▶ Work order
Emit the data below verbatim, stripping out any pictures.

Dataset records
○ ○ ○ ○
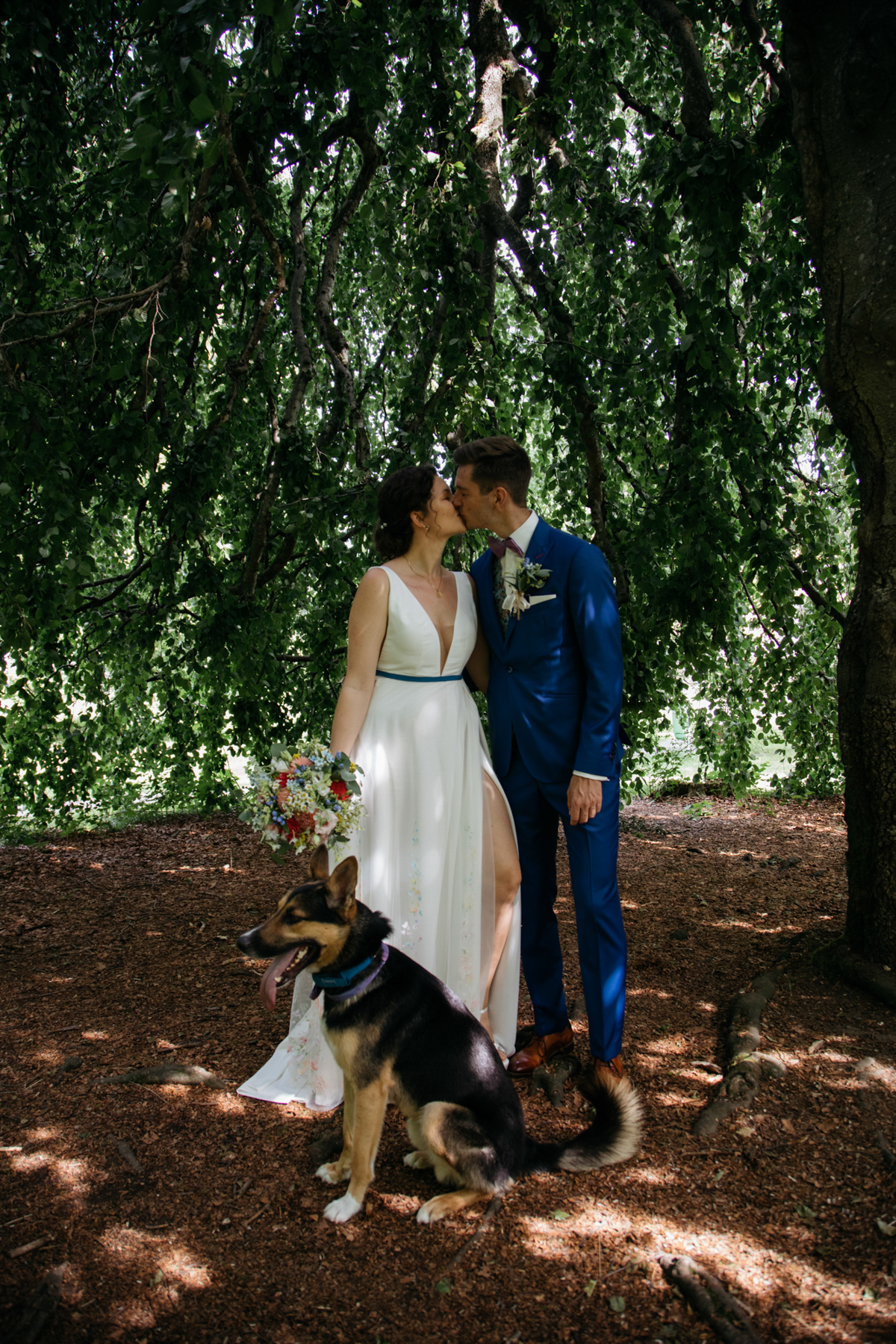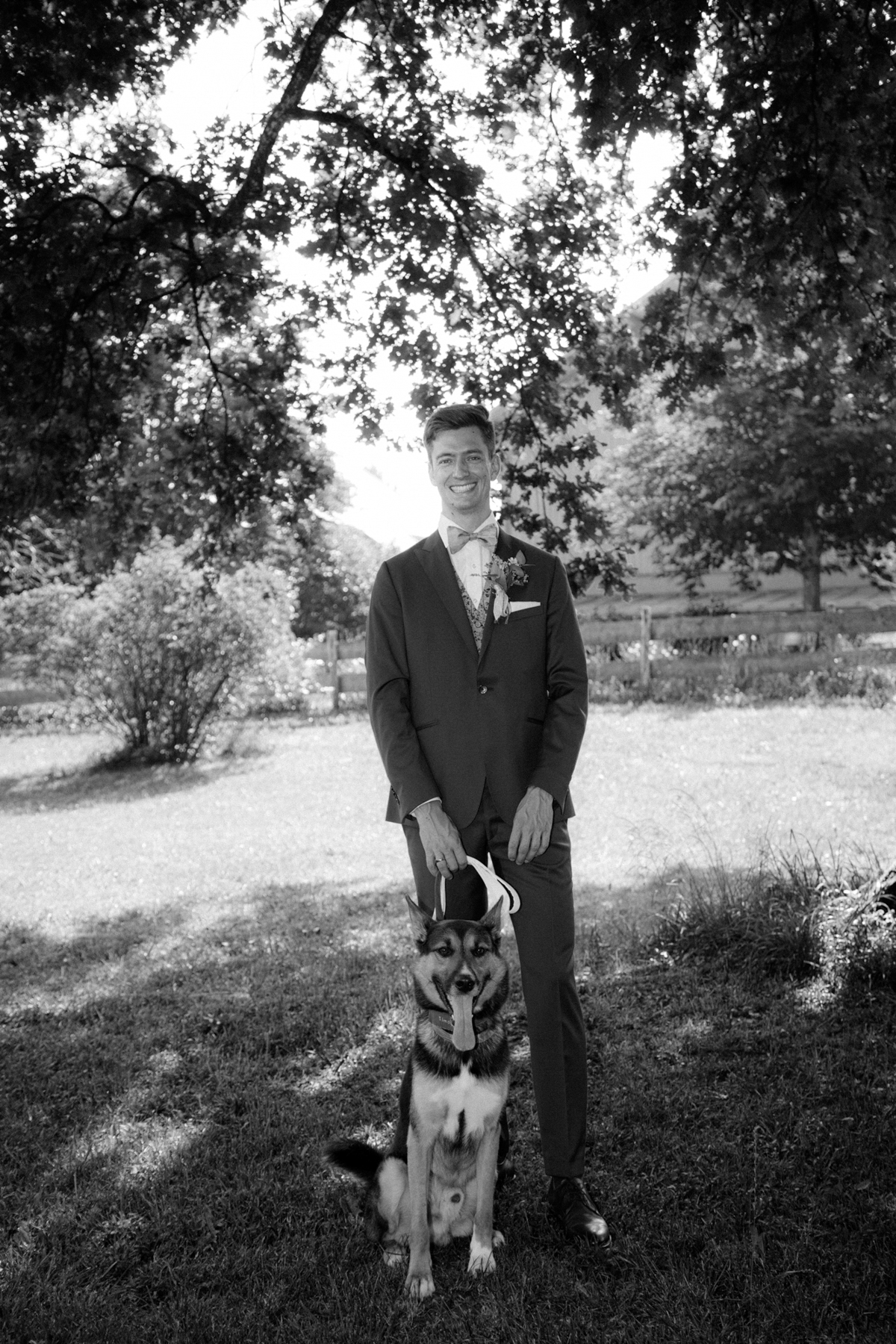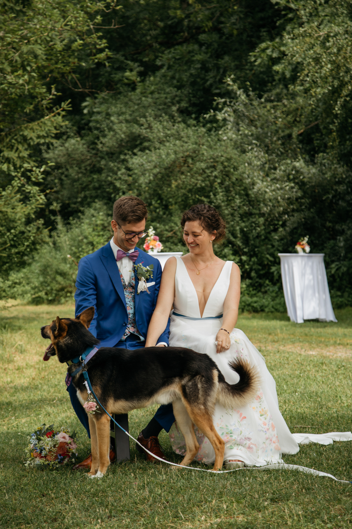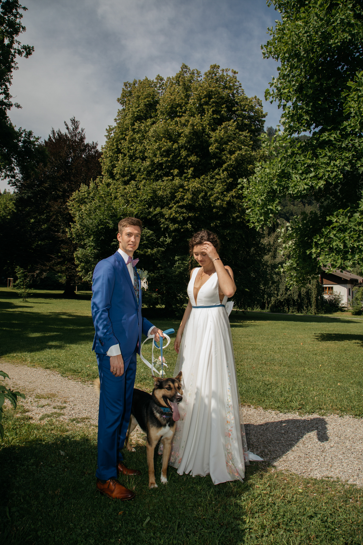 Vorher habe ich an der Musikschule Immenstadt Bilder von dem Liebespaar gemacht. Hier sahen sich die beiden zum ersten Mal im Hochzeitsgewand. Beim "First Look" durfte Hund Timon natürlich nicht fehlen.
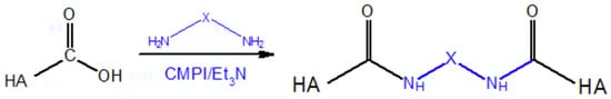- Wada, T.; Chirachanchai, S.; Izawa, N.; Inaki, Y.; Takemoto, K. Synthesis and Properties of Hyaluronic Acid Conjugated Nucleic Acid Analogs—1: Synthesis of Deacetylhyaluronan and Introduction of Nucleic Acid Bases. J. Bioact. Compat. Polym. 1994, 9, 429–447. [Google Scholar] [CrossRef]
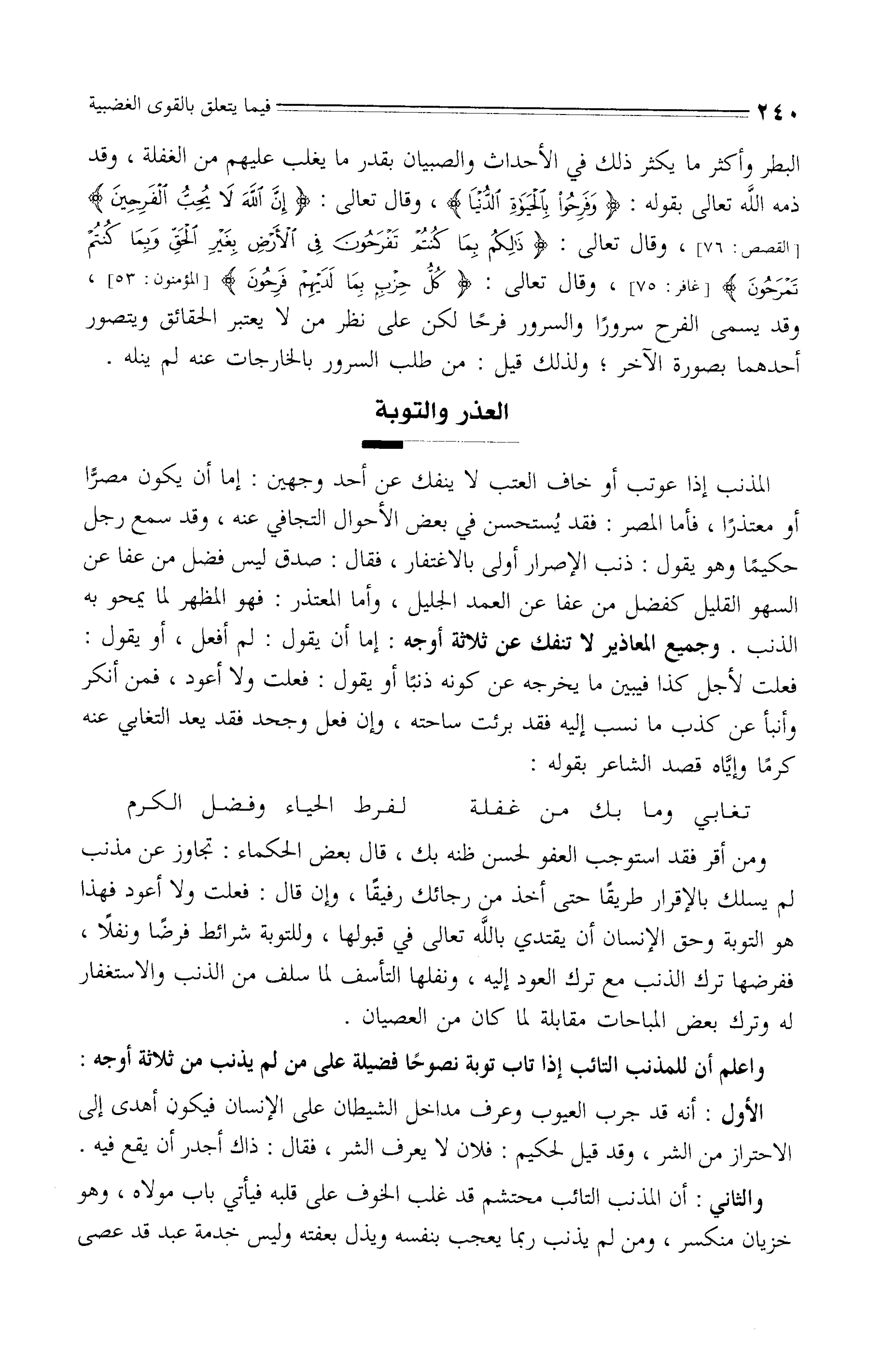 المذنب إذا عوتب أو خاف العتب لا ينفك عن أحد وجهين: إما أن يكون مصرًّا أو معتذرًا، فأما المصر: فقد يُستحسن في بعض الأحوال التجافي عنه، وقد سمع رجل حكيمًا وهو يقول: ذنب الإصرار أولى بالاغتفار، فقال: صدق ليس فضل من عفا عن السهو القليل كفضل من عفا عن العمد الجليل، وأما المعتذر: فهو المظهر لما يمحو به الذنب.
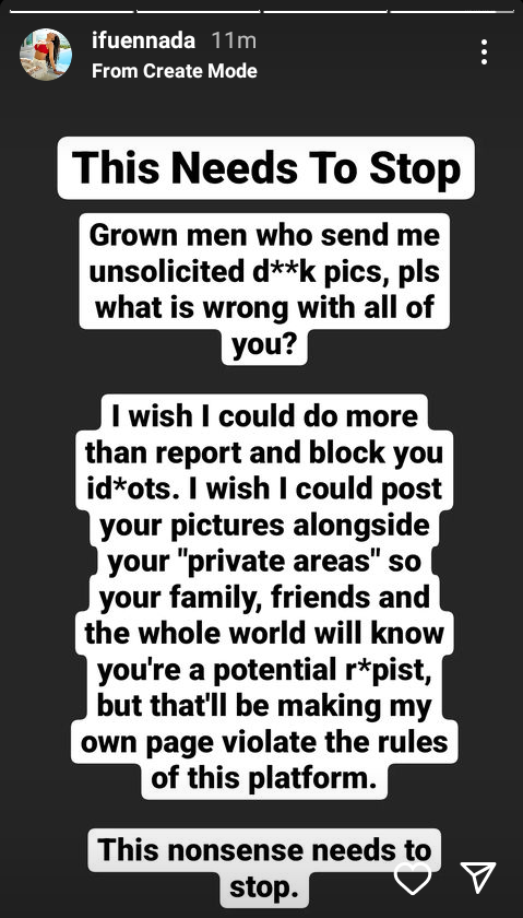 Big Brother Naija star, Ifu Ennada has railed against men who send unsolicited photos of their penis to her.
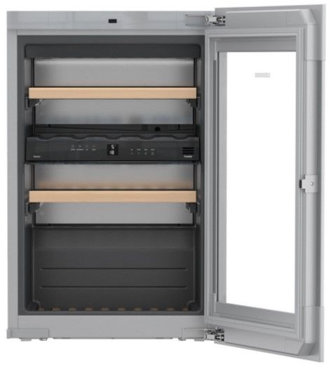 Встраиваемый винный шкаф Либхер EWTgw 1683 Vinidor имеет элегантную белую раму и встраивается в кухонную мебель, что позволяет органично вписать его в кухонный гарнитур, а также максимально использовать пространство. Полки винного шкафа изготовлены из натурального дерева, которое выглядит благородно и дорого, а также гасит вибрацию от работающего компрессора, не позволяя ей навредить вину. Две полки оснащены телескопическими направляющими, что обеспечивает удобство при использовании и обслуживании. Доводчик SoftSystem защищает от резких хлопков и не позволит оставить дверь открытой.
○ ○ ○ ○
▶ Exercise result
 Vorher habe ich an der Musikschule Immenstadt Bilder von dem Liebespaar gemacht. Hier sahen sich die beiden zum ersten Mal im Hochzeitsgewand. Beim "First Look" durfte Hund Timon natürlich nicht fehlen.
- Wada, T.; Chirachanchai, S.; Izawa, N.; Inaki, Y.; Takemoto, K. Synthesis and Properties of Hyaluronic Acid Conjugated Nucleic Acid Analogs—1: Synthesis of Deacetylhyaluronan and Introduction of Nucleic Acid Bases. J. Bioact. Compat. Polym. 1994, 9, 429–447. [Google Scholar] [CrossRef]
 المذنب إذا عوتب أو خاف العتب لا ينفك عن أحد وجهين: إما أن يكون مصرًّا أو معتذرًا، فأما المصر: فقد يُستحسن في بعض الأحوال التجافي عنه، وقد سمع رجل حكيمًا وهو يقول: ذنب الإصرار أولى بالاغتفار، فقال: صدق ليس فضل من عفا عن السهو القليل كفضل من عفا عن العمد الجليل، وأما المعتذر: فهو المظهر لما يمحو به الذنب.
 Big Brother Naija star, Ifu Ennada has railed against men who send unsolicited photos of their penis to her.
 Встраиваемый винный шкаф Либхер EWTgw 1683 Vinidor имеет элегантную белую раму и встраивается в кухонную мебель, что позволяет органично вписать его в кухонный гарнитур, а также максимально использовать пространство. Полки винного шкафа изготовлены из натурального дерева, которое выглядит благородно и дорого, а также гасит вибрацию от работающего компрессора, не позволяя ей навредить вину. Две полки оснащены телескопическими направляющими, что обеспечивает удобство при использовании и обслуживании. Доводчик SoftSystem защищает от резких хлопков и не позволит оставить дверь открытой.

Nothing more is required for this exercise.